Под крыльями Босфор — страница 28 из 60


Сначала разговор не задался. Для того чтобы привести немца в чувство, пришлось из реки воды принести. Для чего использовать головной убор одного из мертвых стрелков. Все равно он ему уже не понадобится. Ему больше вообще ничего не понадобится.

А вот дальше начались сложности. По-доброму немец говорить отказался, пришлось переламывать себя и делать ему больно. И даже очень больно. Никогда не замечал в себе садистских наклонностей, а тут даже удовольствие какое-то получил, самому не верится. Стоило только вспомнить Игната с Семеном да Дитерихса, как все само собой получилось. Да еще в самый ответственный момент нечаянно сам себе по носу задел…

А дальше все как-то само собой и вышло. Озверел от боли. И пошло, пошло.
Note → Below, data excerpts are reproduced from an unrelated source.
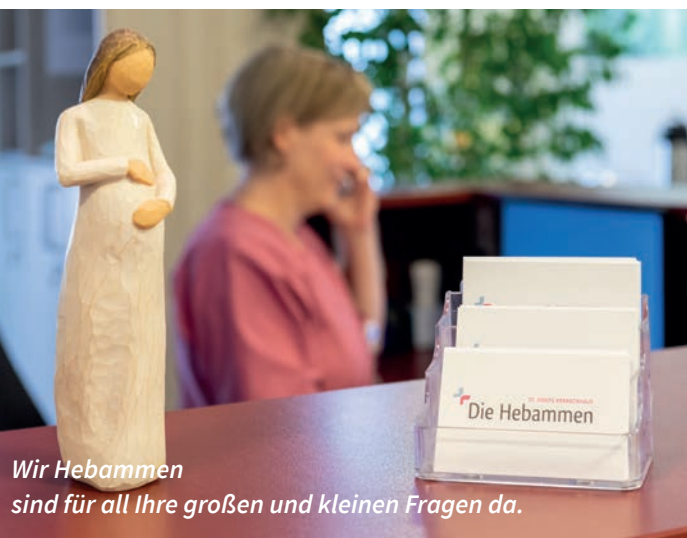
Wir Hebammen sind für all Ihre großen und kleinen Fragen da.

Als Team von freiberuflichen Hebammen arbeiten wir im 12-Stunden-Dienst mit einer zusätzlichen Rufbereitschaft. Durch unser Dienstbelegschaftssystem können wir einen Betreuungsschlüssel von 1:1 / 1:2 während der Geburt gewährleisten. Wir kooperieren gut und gern mit unserem ärztlichen Team sowie den Kinderkrankenschwestern und Hebammen der Wochenbett-Station.
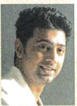
বাঘা যতীনের ফার্স্ট লুক

এখন তিনি ‘বাঘা যতীন’। গুটি চলেছে অক্ষয় রায়ে পর্মা বানাতে। এই ছবিতে তাকে, লেনে জানিয়েছেন তিনি ব্যোমকেশও বানাচ্ছে। বিরাট দাম্পত্য পর্মা বানাতে তৈরি হলে শব্দিত বন্দ্যোপাধ্যায়ের ‘দুর্বারহস্য’। কয়েক বছর ধরেই অভিনেতা হিসেবে নানান চ্যালেঞ্জ নিচ্ছেন লেনে। ‘বাঘা যতীন’ মেনে তার কাছে চ্যালেঞ্জের, ‘ব্যোমকেশ’ও তেমনি। দুর্বারহস্যের গুটি অবশ্য পেরি আছে। ‘বাঘা যতীন’ আসবে পরেরে।
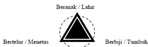
Gambar 3. Hubungan Beranak, Bertelur, dan Berbiji

Dalam konsep Tribuana/Triloka, pohon hayat merupakan simbol kehidupan. Asal kehidupan adalah dari Tuhan dan dengan perjalanan sesuai masa maka akan kembali kepada-Nya. Dalam kehidupan di dunia ini ada tiga tanda untuk mengetahui adanya awal kehidupan, yakni dengan cara lahir, bertelur, dan tumbuh. Hal tersebut dicontohkan seperti kancil dengan cara beranak, burung dengan cara bertelur, dan bunga teratai dengan cara berbiji. Ketiga cara asal kehidupan tersebut menurut penulis dapat digambarkan dengan bentuk bagan segitiga sebagai berikut ini: Beranak / Lahir
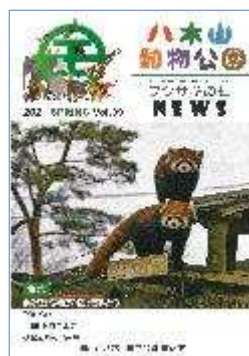
「八木山動物公園 NEWS」第 39 号
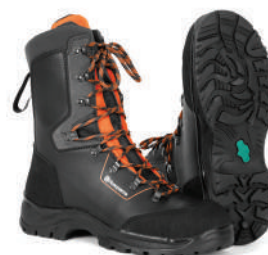
BOTAS DE PROTEÇÃO DE COURO COM PROTEÇÃO CONTRA MOTOSSERRAS, CLASSIC 597 65 94-45
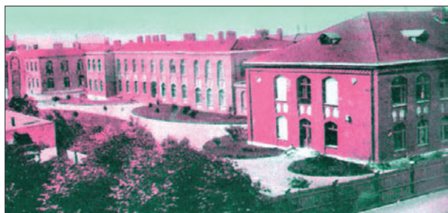
Ryc. 2. Szpital Anny Marii dla dzieci w Łodzi Fig. 2. Anna-Maria Hospital for children in Łódź
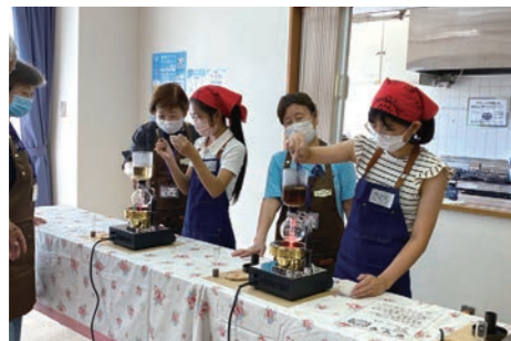
ジュニアボランティア 小学校5・6年生の有志がボランティア団体と交流をしました
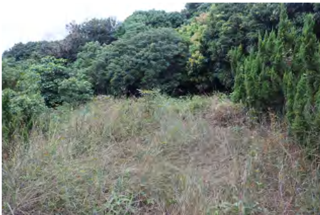
图 28 勘探区域现状（东-西）
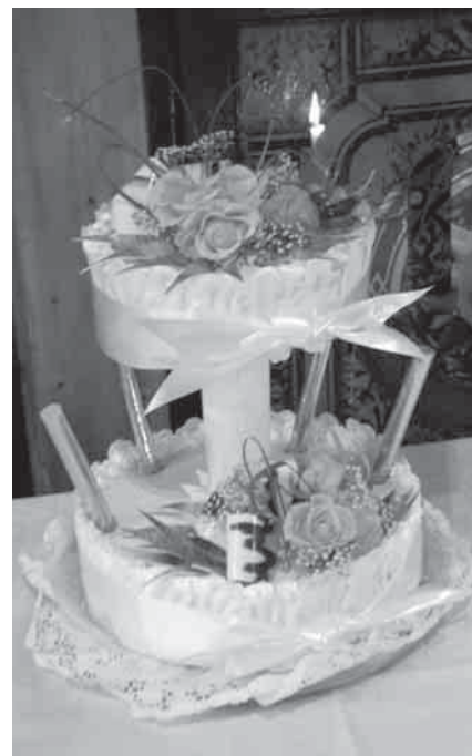
Įmantrus tortas – būtinas vestuvių atributas

Atminkite, tai jūsų šventė, todėl niekas negali patarti, kokia ji turi būti.
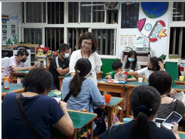
◆導師和家長共同討論學生的問題。
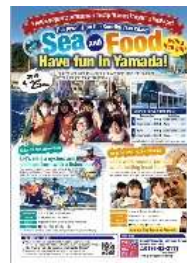
多言語情報パンフレット

Все-таки, оказывается, куча прочитанной литературы сильное влияние на подсознание имеет…

И пальцы я ему ломал, и щепки, остро оструганные, кое-куда загонял. Щепок теперь вокруг много, даже искать не пришлось. Короче, рассказывать долго, а на самом деле все получилось очень быстро. Всего лишь несколько минут эта неприятная процедура и заняла. Это потом я уже отблевался, когда от поляны той отошел подальше. А в первый момент лишь на озлобленности и вылез. За свои мытарства, за товарищей. И на собственной боли. Да еще в самый критический момент вспомнил те зверства, которые немцы творят и будут творить на нашей земле… И все. Планка у меня и упала…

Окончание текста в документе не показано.